Via Vallen dan Nella Kharisma lahir bukan dari kontes idol di layar kaca, atau ajang festival yang kerap hanya bisa diakses orang kaya. Mereka mengawali karier dari penyanyi dusun, berpindah panggung dari satu hajatan ke hajatan lain. Merekam seadanya dan dijual bukan melalui toko-toko kaset di mal. Jika kini mereka menikmati hasil keringat, tak ayal mereka ditopang jutaan penggemar yang merasa hasrat dan jerihnya terwakili.

Meski tak perlu berharap banyak lagu dangdut mereka akan melahirkan perlawanan sosial dan revolusi, setidaknya ini mengiris satu fakta tentang Indonesia. Negeri yang kerap kita khawatirkan semakin radikal dan anti-kebinekaan ini tetap mampu merayakan hidup apa adanya. Via dan Nella yang tetap berpakaian sopan dan tanpa perlu mengumbar goyang erotis adalah ikon dan paradoks modernitas itu sendiri. Ketika keduanya hendak dibenturkan atau dianggap pesaing Ayu Ting Ting – ala manuver politisi Jakarta, mereka memilih terus bernyanyi dan menikmati hidup.
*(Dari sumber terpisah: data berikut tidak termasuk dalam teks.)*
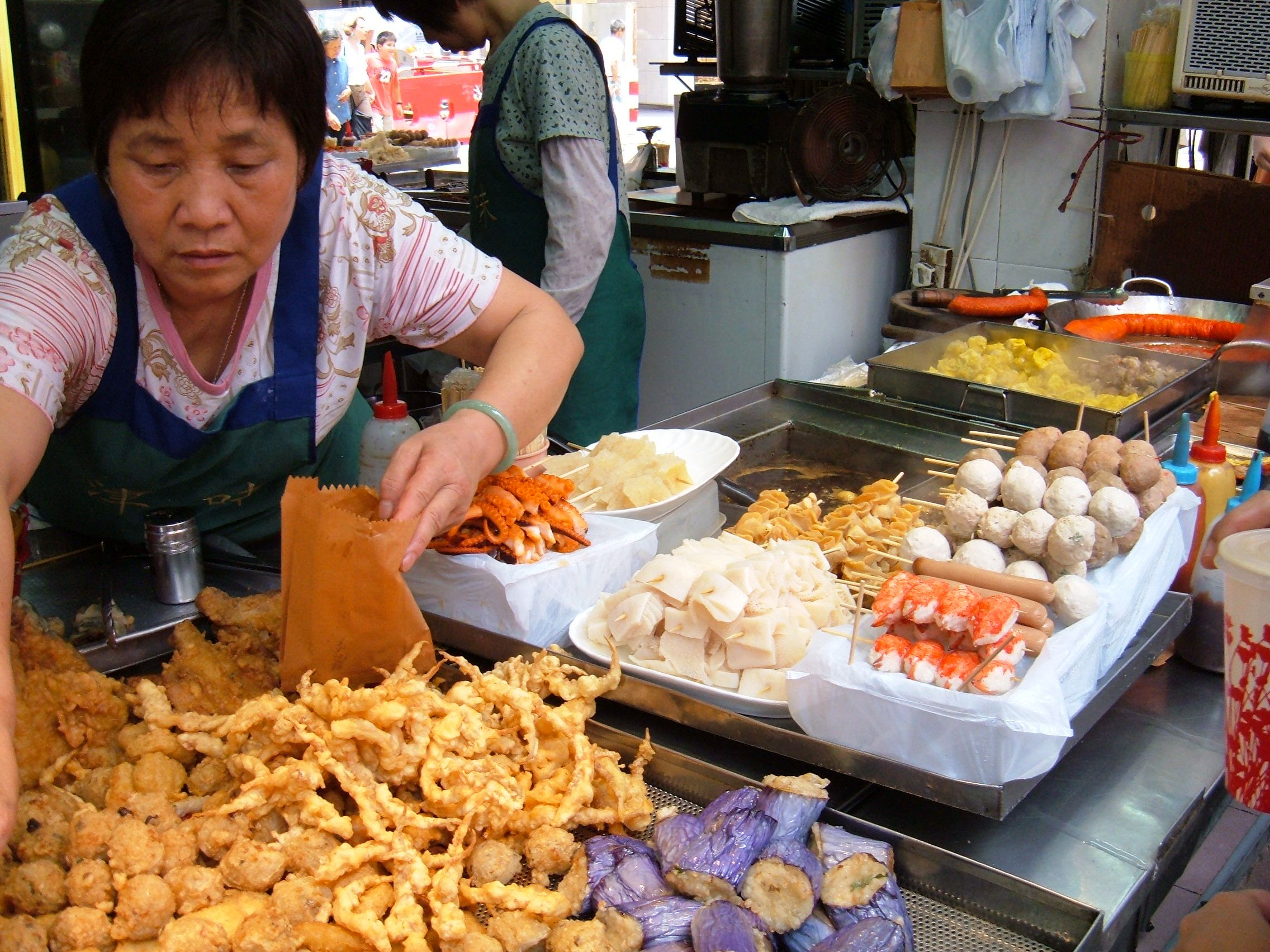 Street food vendor in Causeway Bay, Hong Kong, near Times Square.
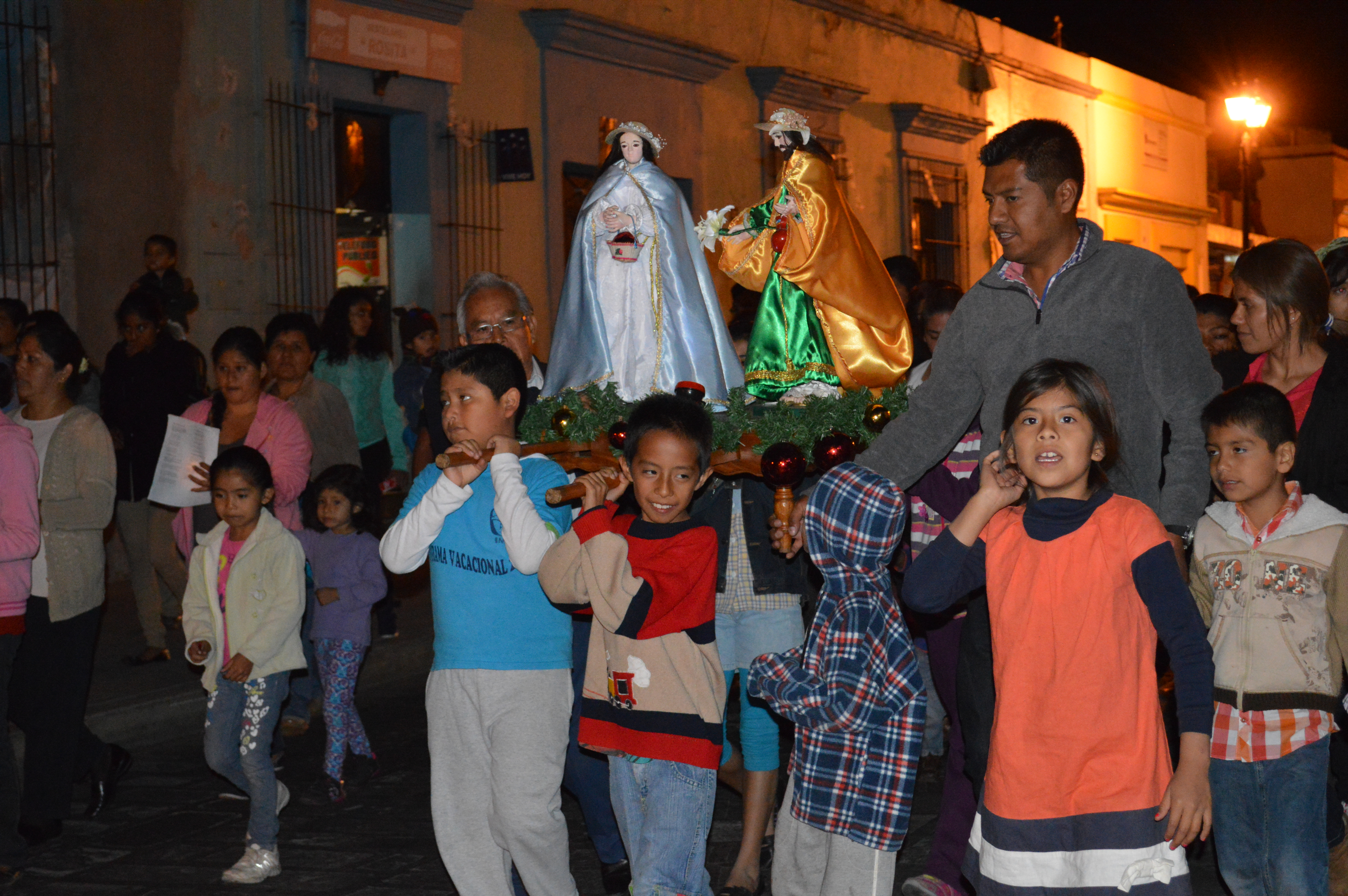 Posada on Armenta y Lopez Street in the city of Oaxaca for Christmas

Mereka adalah titik di mana kita diajak menertawakan masa lalu kita sekaligus menghitung masa depan. Rakyat punya standar moralnya sendiri yang tak butuh dipandu dan diatur, apalagi dinilai. Mereka tak galak apalagi rusuh dan onar. Lirik-lirik dangdut pun setia membatasi diri pada tema cinta dan nestapa. Dalam era pencapaian teknologi yang sedemikian maju, dangdut adalah potongan masa lalu yang menyelinap dan menjadi cermin segala kecanggihan, faktisitas atau keterlemparan manusia di dunia yang ironis.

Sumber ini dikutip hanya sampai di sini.